● MATERIAL FOR THE TASK
━━━━━━━━
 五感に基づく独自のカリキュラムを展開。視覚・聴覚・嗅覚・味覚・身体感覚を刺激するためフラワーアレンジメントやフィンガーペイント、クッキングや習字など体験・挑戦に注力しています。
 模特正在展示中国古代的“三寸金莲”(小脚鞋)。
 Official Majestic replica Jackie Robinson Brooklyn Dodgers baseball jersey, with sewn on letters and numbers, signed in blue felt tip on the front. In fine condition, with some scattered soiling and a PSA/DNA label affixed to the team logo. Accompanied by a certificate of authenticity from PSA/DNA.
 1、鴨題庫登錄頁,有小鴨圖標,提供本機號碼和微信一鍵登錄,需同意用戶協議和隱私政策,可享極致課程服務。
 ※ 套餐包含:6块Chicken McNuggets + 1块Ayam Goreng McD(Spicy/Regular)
━━━━━━━━
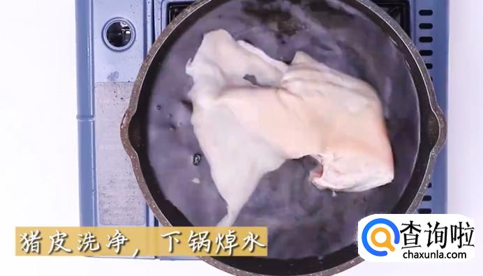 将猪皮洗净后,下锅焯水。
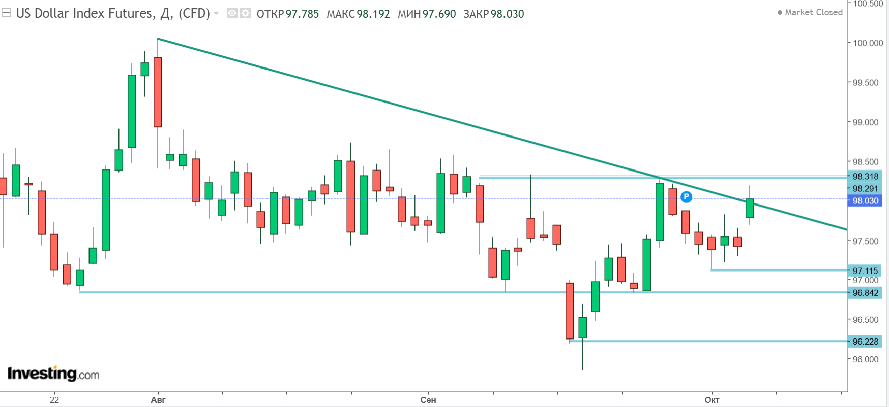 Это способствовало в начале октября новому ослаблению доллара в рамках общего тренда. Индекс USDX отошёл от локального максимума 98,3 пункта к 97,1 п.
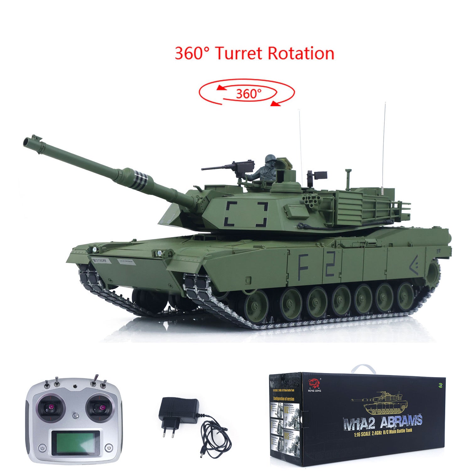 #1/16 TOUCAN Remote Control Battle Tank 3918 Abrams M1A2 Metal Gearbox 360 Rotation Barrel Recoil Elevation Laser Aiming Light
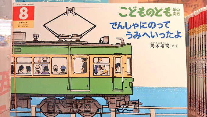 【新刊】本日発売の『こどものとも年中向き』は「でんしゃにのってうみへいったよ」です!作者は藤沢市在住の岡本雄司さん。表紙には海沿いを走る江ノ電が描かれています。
━━━━━━━━
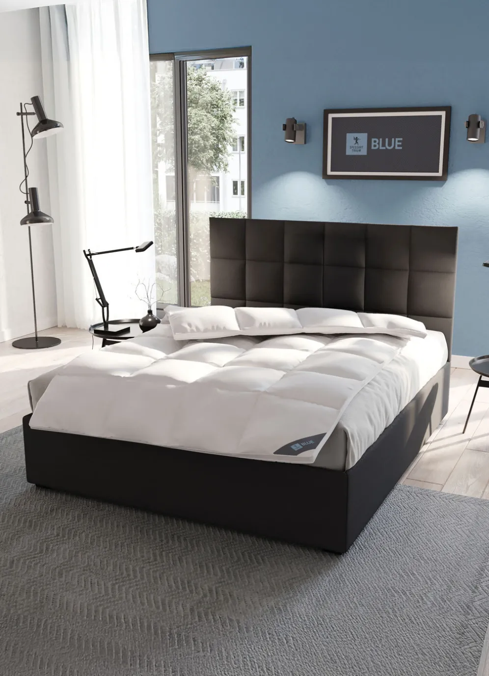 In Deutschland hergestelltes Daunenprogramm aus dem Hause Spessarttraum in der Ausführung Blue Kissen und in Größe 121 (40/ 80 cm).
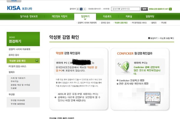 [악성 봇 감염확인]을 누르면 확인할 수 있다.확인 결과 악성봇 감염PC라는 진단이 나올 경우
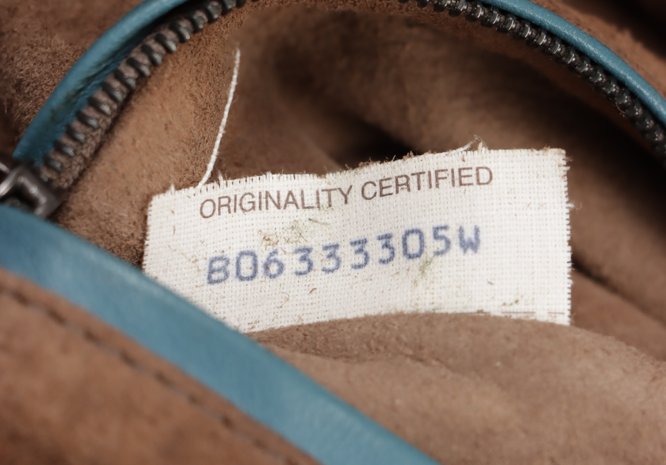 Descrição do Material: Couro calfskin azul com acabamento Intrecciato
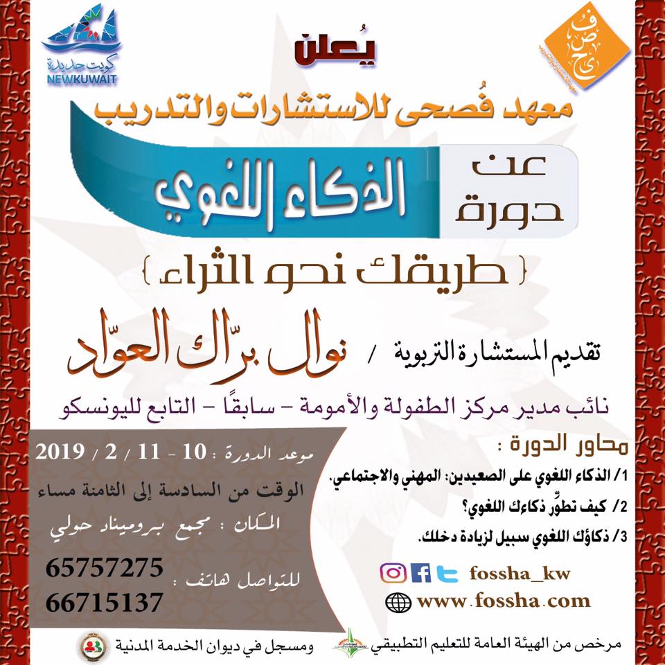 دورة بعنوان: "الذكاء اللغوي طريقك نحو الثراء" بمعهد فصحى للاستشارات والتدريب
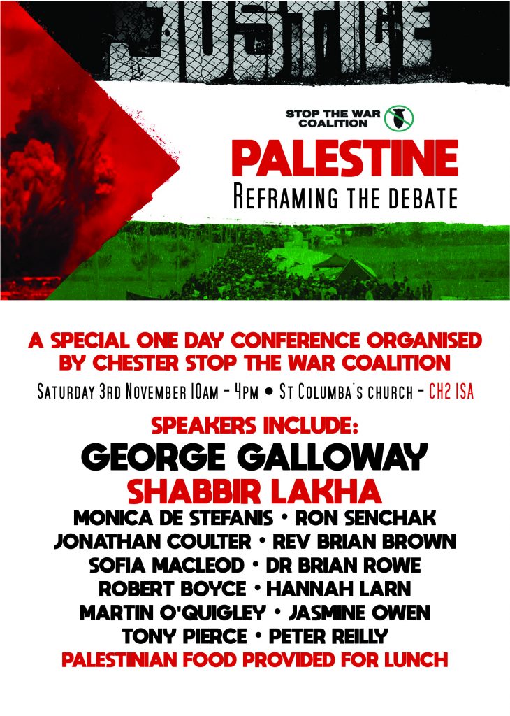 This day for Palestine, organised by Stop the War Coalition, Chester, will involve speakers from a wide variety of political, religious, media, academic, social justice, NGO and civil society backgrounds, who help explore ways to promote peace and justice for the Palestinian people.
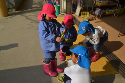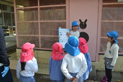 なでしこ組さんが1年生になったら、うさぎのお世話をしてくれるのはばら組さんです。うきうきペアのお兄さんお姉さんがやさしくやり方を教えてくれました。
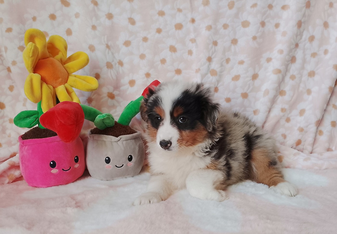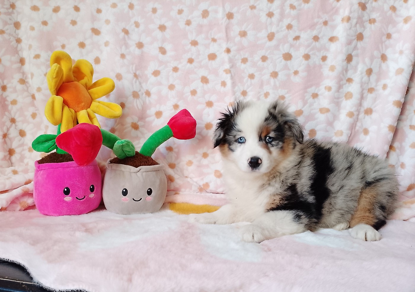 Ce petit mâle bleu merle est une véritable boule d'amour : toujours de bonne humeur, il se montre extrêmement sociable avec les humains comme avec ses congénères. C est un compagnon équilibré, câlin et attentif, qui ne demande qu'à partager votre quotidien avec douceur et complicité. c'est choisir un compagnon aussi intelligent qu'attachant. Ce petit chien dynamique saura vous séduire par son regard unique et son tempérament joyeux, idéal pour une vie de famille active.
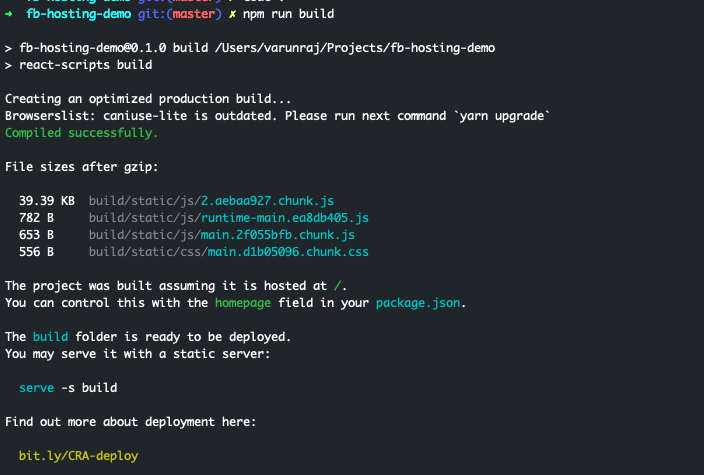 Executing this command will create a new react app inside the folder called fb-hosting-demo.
━━━━━━━━
● WHAT TO DO
The lines above starting at the one that holds "なでしこ組さんが1年生になっ" and ending at the one that holds "Executing this command" are to be written out exactly, ends included, and no pictures are to be copied.

● REPLY
 なでしこ組さんが1年生になったら、うさぎのお世話をしてくれるのはばら組さんです。うきうきペアのお兄さんお姉さんがやさしくやり方を教えてくれました。
 Ce petit mâle bleu merle est une véritable boule d'amour : toujours de bonne humeur, il se montre extrêmement sociable avec les humains comme avec ses congénères. C est un compagnon équilibré, câlin et attentif, qui ne demande qu'à partager votre quotidien avec douceur et complicité. c'est choisir un compagnon aussi intelligent qu'attachant. Ce petit chien dynamique saura vous séduire par son regard unique et son tempérament joyeux, idéal pour une vie de famille active.
 Executing this command will create a new react app inside the folder called fb-hosting-demo.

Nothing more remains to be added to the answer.